## SOURCE MATERIAL
+ + + + +
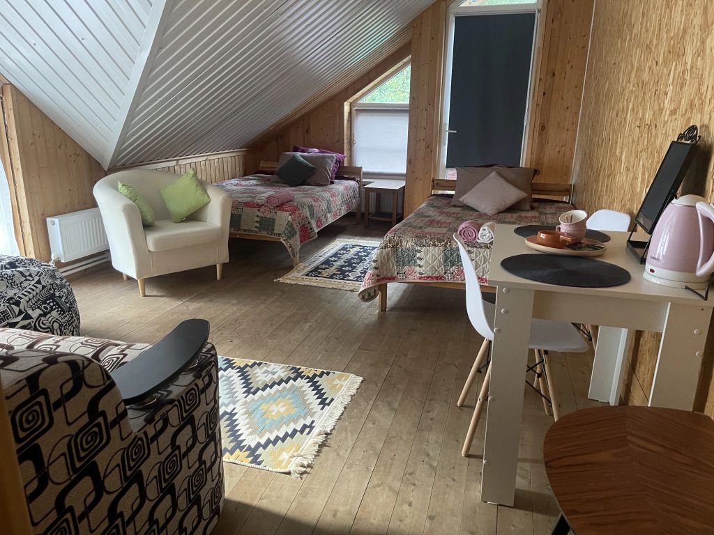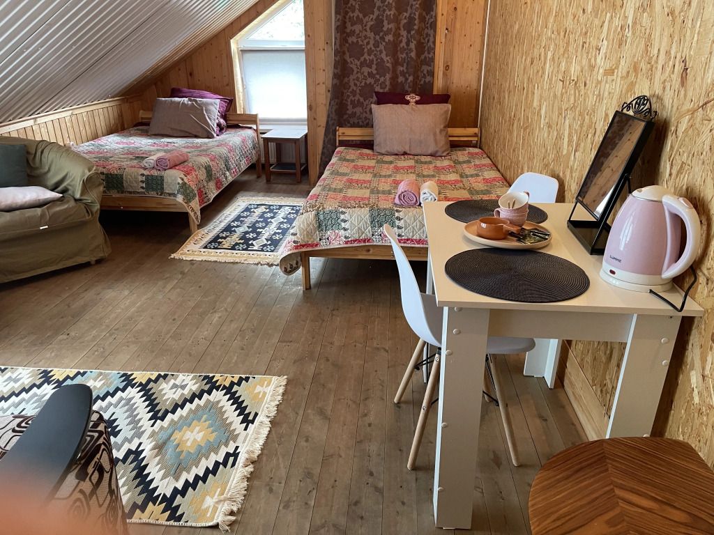 В номерах создан по-настоящему домашний уют и комфорт, а радушие и гостеприимство хозяев делает отдых еще приятнее и теплее. Общая кухня оборудована для самостоятельного приготовления пищи. В отеле есть бесплатный Wi-Fi. Специально для автопутешественников организована парковка. Также для гостей в отеле: баня.
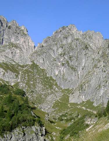 Hat man den ersten Gipfel erreicht, wird der Steig zum zweiten Gipfel, dem Steinfalk, nun etwas anspruchsvoller. Man steigt einige Höhenmeter ab und folgt dann dem Steig am Grat entlang bis zum Gipfel des Steinfalk (2.347 m).
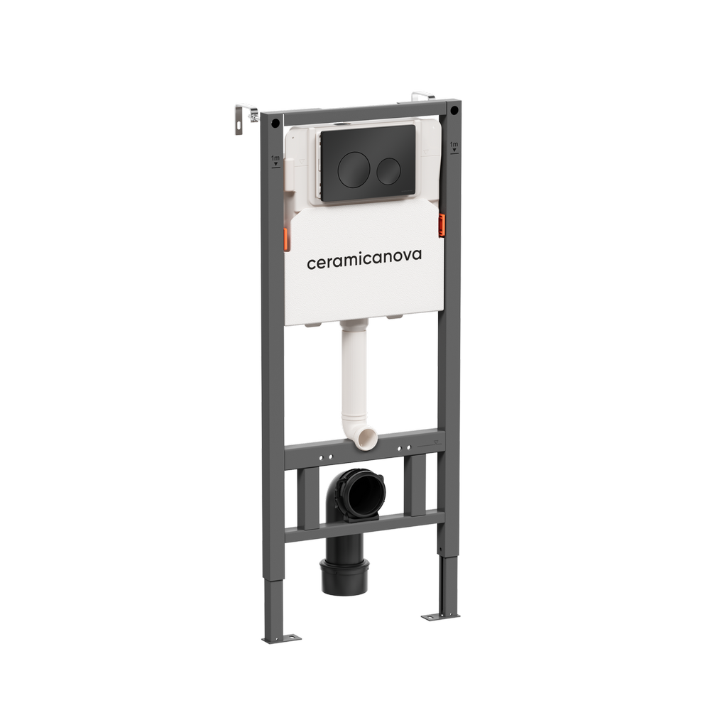 Система инсталляции для унитазов CERAMICANOVA Balance с кнопкой смыва Circle, цвет черный матовый, и креплениями, арт.CN121001MB
+ + + + +
## YOUR GOAL
Each line from the one containing "Hat man den" through the final line of the data must be reproduced exactly, both ends included, with no pictures in the copy.

## WRITTEN SOLUTION
 Hat man den ersten Gipfel erreicht, wird der Steig zum zweiten Gipfel, dem Steinfalk, nun etwas anspruchsvoller. Man steigt einige Höhenmeter ab und folgt dann dem Steig am Grat entlang bis zum Gipfel des Steinfalk (2.347 m).
 Система инсталляции для унитазов CERAMICANOVA Balance с кнопкой смыва Circle, цвет черный матовый, и креплениями, арт.CN121001MB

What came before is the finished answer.